Ultimately, Darwin’s response infuriated Kennard and she wrote him back on January 28, 1882, arguing that women were certainly “breadwinners” and were not inferior to men. She continued by writing that women were simply not given the same opportunities that men were, including environmental and educational opportunities. Kennard maintained that women were capable of being just as intellectual as men, yet the lack of opportunities afforded to women in society negatively impacted their level of intellect.
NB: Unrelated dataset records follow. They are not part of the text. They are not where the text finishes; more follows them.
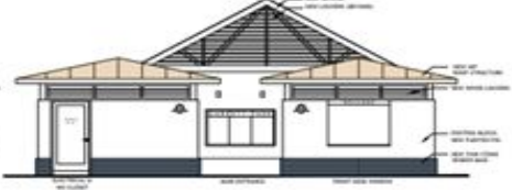
⊕ MAIN ENTRANCE ELEVATION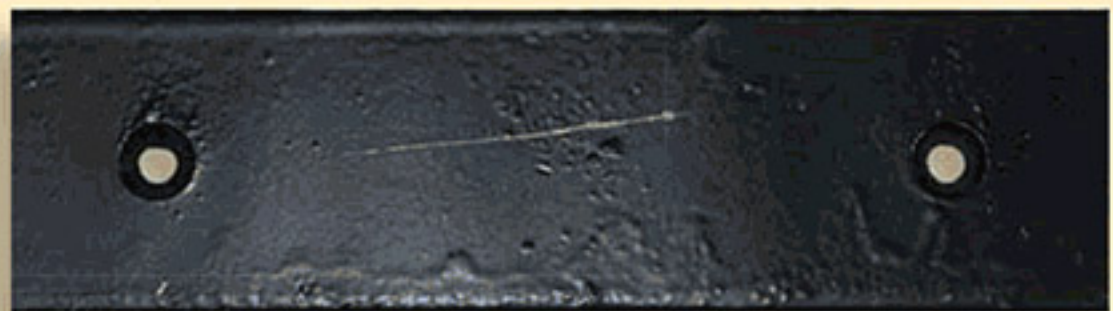
Close up of Deliberate Scratch shows little rust, no rust migration, and no detachment of the surface coating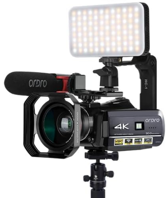
Figure 4.3: Time-Lapse Video Demonstration

It can shoot a scene with a chosen interval 1sec, 3sec or 5sec between each shot and edit the sequence into a high-quality 4K time-Lapse video

She argued this was primarily because the scarcity of opportunities did not allow women to foster and develop their intellect, unlike men who were given extensive opportunities, especially in terms of education.

Furthermore, Kennard expressed to Darwin in their correspondence that women were crucial to society because they worked equally as hard as their male counterparts. She went on to state that the major difference between the two sexes was the type of work men and women did; essentially, the work that was considered socially acceptable for women to carry out was the work they allowed to partake in such as the tasks of homemaking and child-rearing. Consequently, Kennard wrote, “Let the ‘environment’ of women be similar to that of men and with his opportunities, before she be fairly judged, intellectually his inferior, please.” In other words, Kennard believed that if women were given the same opportunities as men, the inequalities that women faced in society, like the notion that women were subordinate to men intellectually, would dissipate.

==Works==
- Miss Dorothea L. Dix and her Life-Work, 1888.
- "Progress in the Employment of Police Matrons," The Trenton Times (1892), pp 6.
- "The Bradstreet Writings," The Governor Thomas Dudley Family Association, Fourth Annual Meeting and Fifth Reunion (1896), pp. 29–36.